月に10件以上後見に関するご相談を受けていますが、親族の方が後見人にならず第三者がなる場合に、必ず後見人の報酬はいくらかかるのですか?と聞かれます。
多くのケースが、親族の方が後見人になります。そして、この場合でも報酬をもらおうと思えば、もらうことは可能ですが、家族同士なので控える方がほとんどです。
親族に後見人となる人がいない、あるいは家族同士で意見の対立がある場合には、司法書士・弁護士などの法律の専門家が後見人になることがあります。
そうすると、やはり気になるのが報酬です。司法書士などの専門家が後見人を努める案件は、全体の60パーセント弱となっています。
<成年後見人>
成年後見人が、通常の後見事務を行った場合の報酬(これを「基本報酬」と呼びます。)の目安となる額は、月額2万円です。

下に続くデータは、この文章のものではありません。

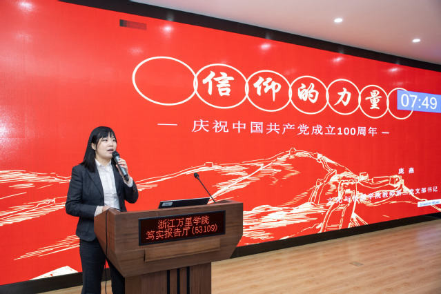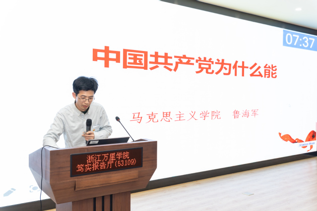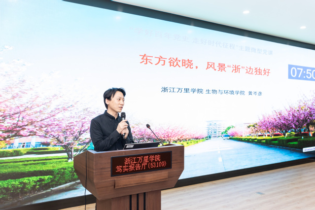 为进一步扩大微型党课覆盖面,经前期各二级党组织精心选拔和推荐,共有17名党员教师选手参加现场比赛。选手们围绕“学好百年党史,走好时代征程”这一主题,以宣讲习近平新时代中国特色社会主义思想为核心任务,围绕党史、新中国史、改革开放史、社会主义发展史,讲出了中国共产党为什么能,讲出了习近平新时代中国特色社会主义思想的真理伟力,展示了党的伟大成就和宝贵经验,展示了浙江和浙江教育在“八八战略”指引下发生的深刻变化和取得的喜人局面,讲出了浙江争创社会主义现代化先行省、宁波建设现代化滨海大都市,以及学校实现万里“大学梦”的的实践路径。以小见大、有感而发、深入浅出,以真人真事真感情教育了广大党员干部群众,从不同角度诠释了共产党员的使命担当,展现了共产党人的先锋本色。

ただし、管理財産額(預貯金及び有価証券等の流動資産の合計額)が高額な場合には、財産管理事務が複雑、困難になる場合が多いので、管理財産額が1000万 円を超え5000万円以下の場合には基本報酬額を月額3万円~4万円、管理財産、額が5000万円を超える場合には基本報酬額を月額5万円~6万円とします。
※保佐人・補助人も同様となります。
<成年後見監督人>
成年後見監督人が、通常の後見監督事務を行った場合の報酬(基本報酬)の目安となる額は、管理財産額が5000万円以下の場合には月額1万円~2万円、管理財産額が5000万円を超える場合には月額2万5000円~3万円とします。
※保佐監督人・補助監督人・任意後見監督人も同様です。
不動産の売却や身上監護等で特別の業務を行った場合、後見人の負担は増大します。その分、報酬にも反映される仕組みとなっています。
この場合、基本報酬額の50パーセントの範囲内で報酬が付加されます。
いずれにしても、後見人等の報酬額を決定するのは裁判所であり、本人の財産が少なければ当然、その分報酬も少なくなり、報酬の面で後見制度の利用を躊躇してしまうということがないように配慮されているというのが実務となっています。
専門家の報酬を高いとみるか安いとみるかですが、親族側からすれば間違いなく高いとの声があがります。逆に専門家からすると安いという声があがります。司法書士のなかでも後見業務は、業務量に比べて報酬が安いのでやりたくないという先生もいます。司法書士の主力業務は「登記業務」ですが、それに比べたら、やりたくないという気持ちも分からないでもありません。今現在、後見人のなり手が不足しており市民後見人制度というものが動き出しています。 しかし、専門的な知識を要する後見業務ははやりは司法書士や弁護士がなるべきだと思います。